Aseptic meningitis can also be chemically induced, occurring in response to certain vaccines, including rubella, varicella, rabies, pertussis, and the flu shot. However, a 2018 report in The Clinician's Vaccine Safety Resource Guide notes that routine vaccines used in the US rarely—if ever—cause meningitis, and the benefits of those shots greatly outweigh the risks.

Prolonged use of pain medication, particularly with anti-inflammatory drugs, or NSAIDs, is another potential aseptic meningitis cause. Ibuprofen is the most frequent NSAID that causes aseptic meningitis, according to an older study from 2006 in the journal Medicine. Other medications that can lead to aseptic meningitis include antibiotics, immunosuppressive drugs, and antiepileptic drugs, per a 2014 study in JAMA Internal Medicine.

Lyme disease and other tick- or mosquito-borne infections can be yet another aseptic meningitis cause, hence why a doctor might ask about a patient's recent travels or time spent outdoors, says Marie Grill, MD, specialist in neuroinfectious diseases at the Mayo Clinic.

"We know there's certain infections that are endemic to certain regions. We ask if people have been camping or if there's exposure to insects and whether they're aware of having had any mosquito bites or tick bites," Dr. Grill tells Health.

Aseptic meningitis causes can also include other diseases, such as tuberculosis, and certain parasites. Both are rare causes, but when it comes to meningitis, there are a "broad number of things to consider," says Dr. Grill. "That's why it's so important that we delve into that history," she explains, "so we're as comprehensive as we need to be in determining the cause."

Aseptic meningitis treatment

The treatment for aseptic meningitis depends on the cause. In many cases, doctors will prescribe a course of prophylactic antibiotics when a patient is suspected of having meningitis, until testing and diagnosis can rule out bacterial meningitis.

Patients suspected of having meningitis usually undergo a lumbar puncture, or spinal tap, in which a small amount of cerebrospinal fluid is drawn from the lower back and tested.

"The spinal fluid is our main diagnostic test for being able to discern between bacterial and viral meningitis, or fungal, and the specific cause it is," says Dr. Grill. She adds that things like white blood cell and glucose levels, cultures, and other diagnostics can also offer clues about whether a person has meningitis, and if so, what may be causing it.

"We can do testing for different herpes viruses, we can do testing for enteroviruses, and we can do special antibody testing for things like West Nile virus and other viruses that are carried by mosquitoes that really allows us to be able to confirm the diagnosis," she says.

Other possible tests may include imaging like CT scans or MRIs of the head to look for swelling or inflammation and blood cultures to identify if bacteria are present.

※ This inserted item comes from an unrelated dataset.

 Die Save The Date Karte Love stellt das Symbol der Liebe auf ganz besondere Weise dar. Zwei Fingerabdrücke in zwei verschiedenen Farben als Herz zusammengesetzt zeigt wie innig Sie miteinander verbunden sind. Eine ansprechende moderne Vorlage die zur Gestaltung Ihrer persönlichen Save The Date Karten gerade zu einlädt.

Treating bacterial meningitis should begin immediately and typically involves intravenous antibiotics that can target the specific pathogen causing the infection, per the Mayo Clinic. A doctor may also prescribe corticosteroids to help lower the risk of serious complications.

Aseptic meningitis treatments, on the other hand, aren't always necessary, but it depends on what's behind the infection.

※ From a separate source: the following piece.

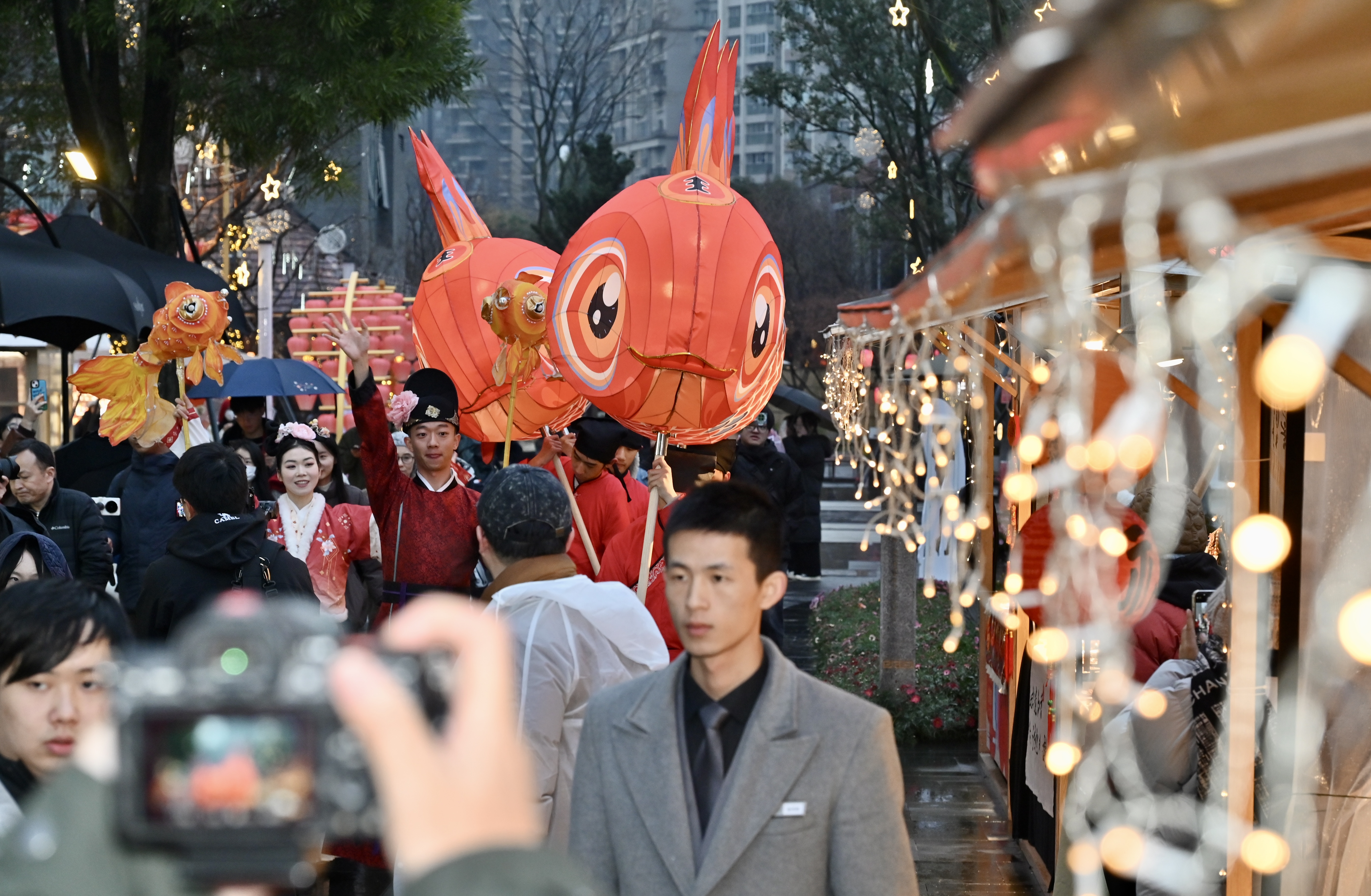 18时,一条3米多长的巨型非遗鱼灯在水街开始梦幻巡游。色彩华美、造型夺目的非遗鱼灯瞬间便让人想到“风箫声动,玉壶光转,一夜鱼龙舞”,顿时梦回那场在世人心里亮了一千多年的灯会。

"In terms of viral meningitis, there's no sort of set of treatments," says Wright. "It would just be things like bed rest, taking it easy, and just waiting for the symptoms to subside."

Most people recover from viral meningitis in 10 days or less without treatment, according to the CDC. However, meningitis from the West Nile virus can be more severe and leave patients with lingering fatigue, malaise, and weakness for weeks or months, per the CDC.

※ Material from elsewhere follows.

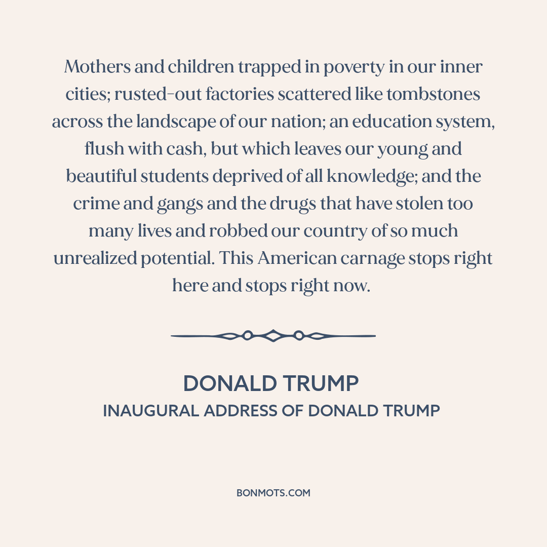 Mothers and children trapped in poverty in our inner cities; rusted-out factories scattered like tombstones across the landscape of our nation; an education system, flush with cash, but which leaves our young and beautiful students deprived of all knowledge; and the crime and gangs and the drugs that have stolen too many lives and robbed our country of so much unrealized potential. This American carnage stops right here and stops right now.

If a patient has aseptic meningitis from a fungus, a doctor will typically rely on a long course of high-dose antifungal medications to wipe out the infection. How long a person needs treatment depends on their immune system and the exact fungus that caused the meningitis, according to the CDC.

When aseptic meningitis is caused by a drug, treatment is pretty straightforward: stop taking that medication. This generally clears things up within 24 to 48 hours, according to a 2019 case report and overview of the medical literature published in BMJ Case Reports. In the meantime, supportive care can help keep patients stay comfortable as they recover.